» EXERCISE: Omit all images, then repeat exactly the lines below from the one containing "Get ready to" through the one containing "Women's Silver Seashell", both ends included.

» SUPPLIED DATA:
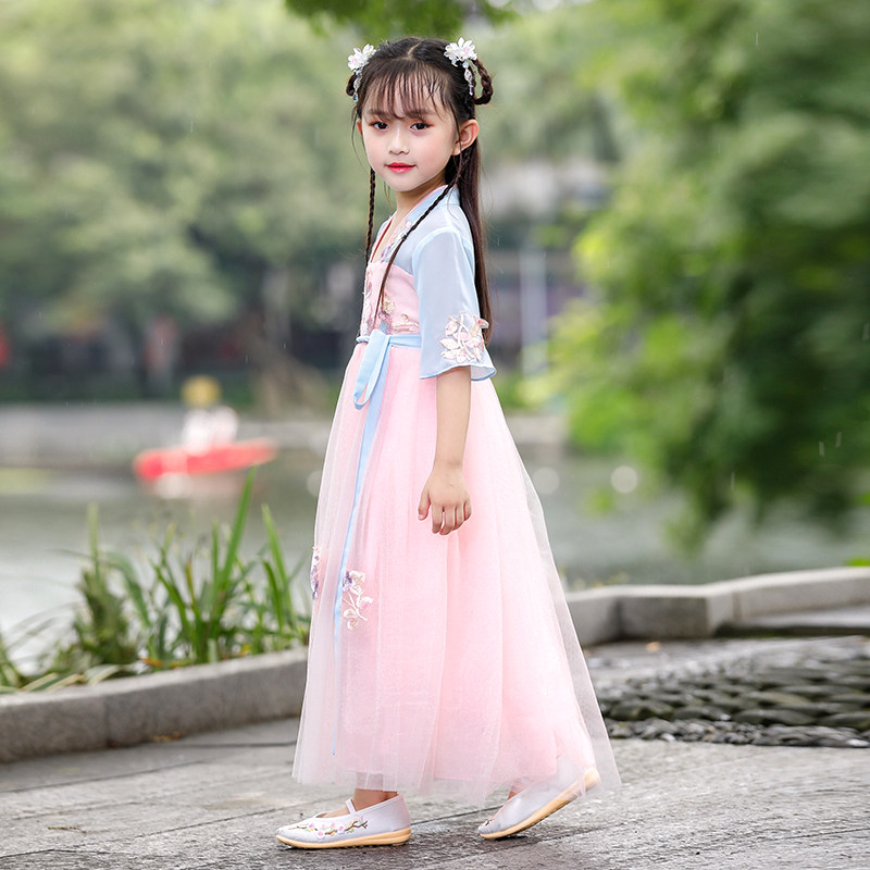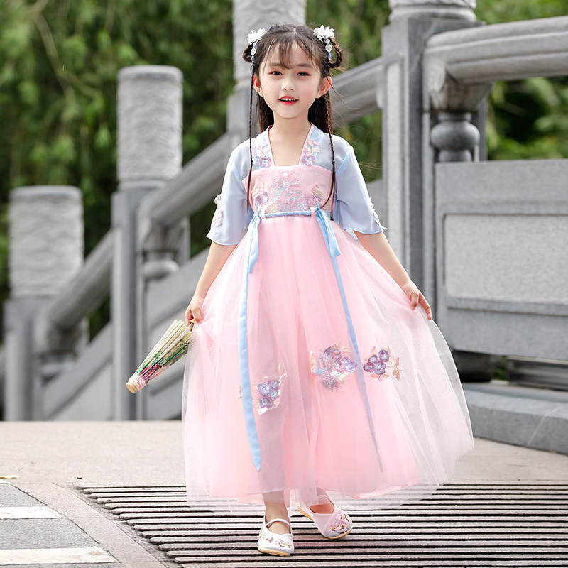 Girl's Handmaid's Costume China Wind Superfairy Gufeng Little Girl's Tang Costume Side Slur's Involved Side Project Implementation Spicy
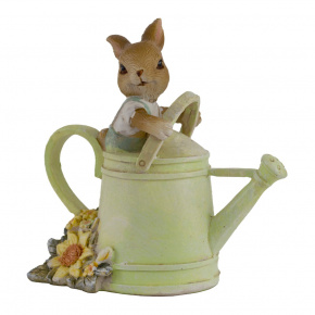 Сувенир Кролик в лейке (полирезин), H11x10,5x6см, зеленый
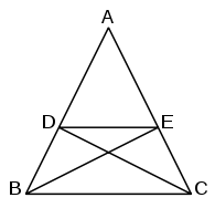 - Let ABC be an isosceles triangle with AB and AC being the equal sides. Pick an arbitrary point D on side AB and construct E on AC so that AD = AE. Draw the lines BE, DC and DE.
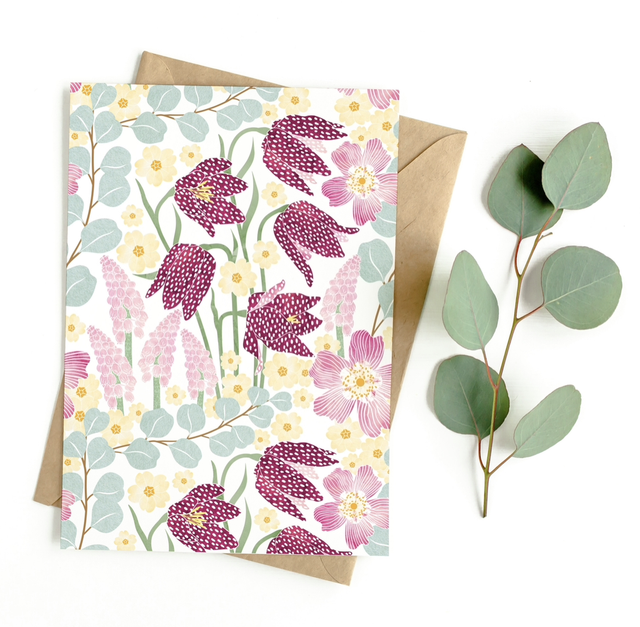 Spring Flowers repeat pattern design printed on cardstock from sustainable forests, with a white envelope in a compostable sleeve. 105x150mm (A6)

...

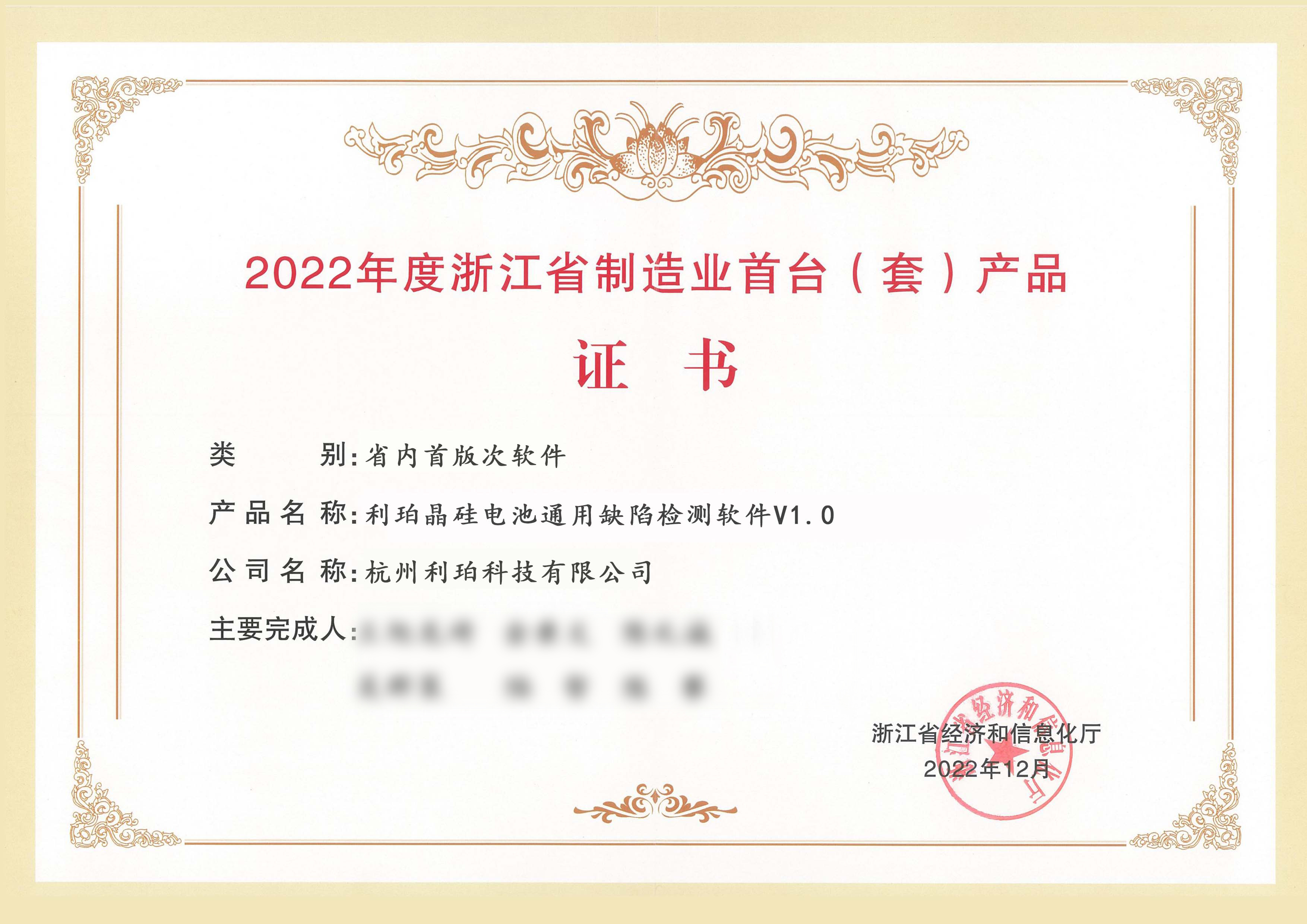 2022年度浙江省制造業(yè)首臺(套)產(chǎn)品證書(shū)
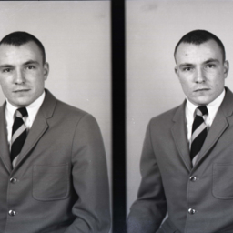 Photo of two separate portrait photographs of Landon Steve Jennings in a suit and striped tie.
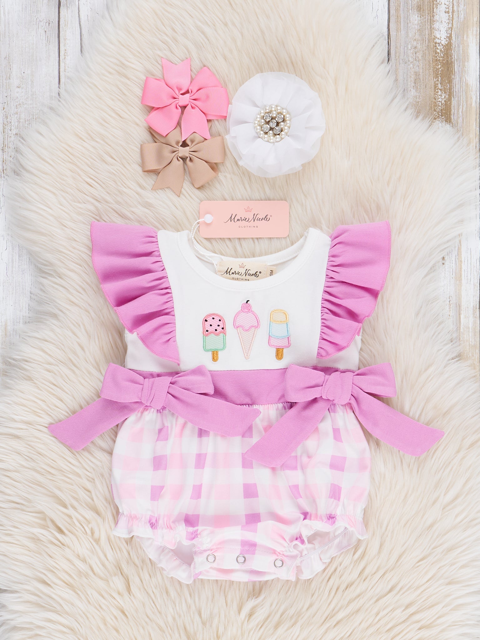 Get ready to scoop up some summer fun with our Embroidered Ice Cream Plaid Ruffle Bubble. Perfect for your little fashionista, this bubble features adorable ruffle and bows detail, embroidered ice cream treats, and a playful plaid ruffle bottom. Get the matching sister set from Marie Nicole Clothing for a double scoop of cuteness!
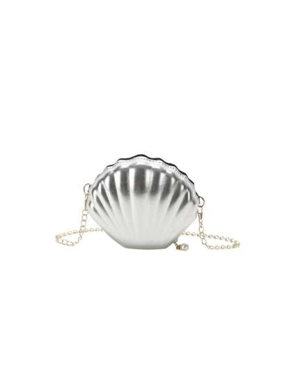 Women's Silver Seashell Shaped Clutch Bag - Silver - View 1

» RESULT FOR THIS EXERCISE:
 Get ready to scoop up some summer fun with our Embroidered Ice Cream Plaid Ruffle Bubble. Perfect for your little fashionista, this bubble features adorable ruffle and bows detail, embroidered ice cream treats, and a playful plaid ruffle bottom. Get the matching sister set from Marie Nicole Clothing for a double scoop of cuteness!
 Women's Silver Seashell Shaped Clutch Bag - Silver - View 1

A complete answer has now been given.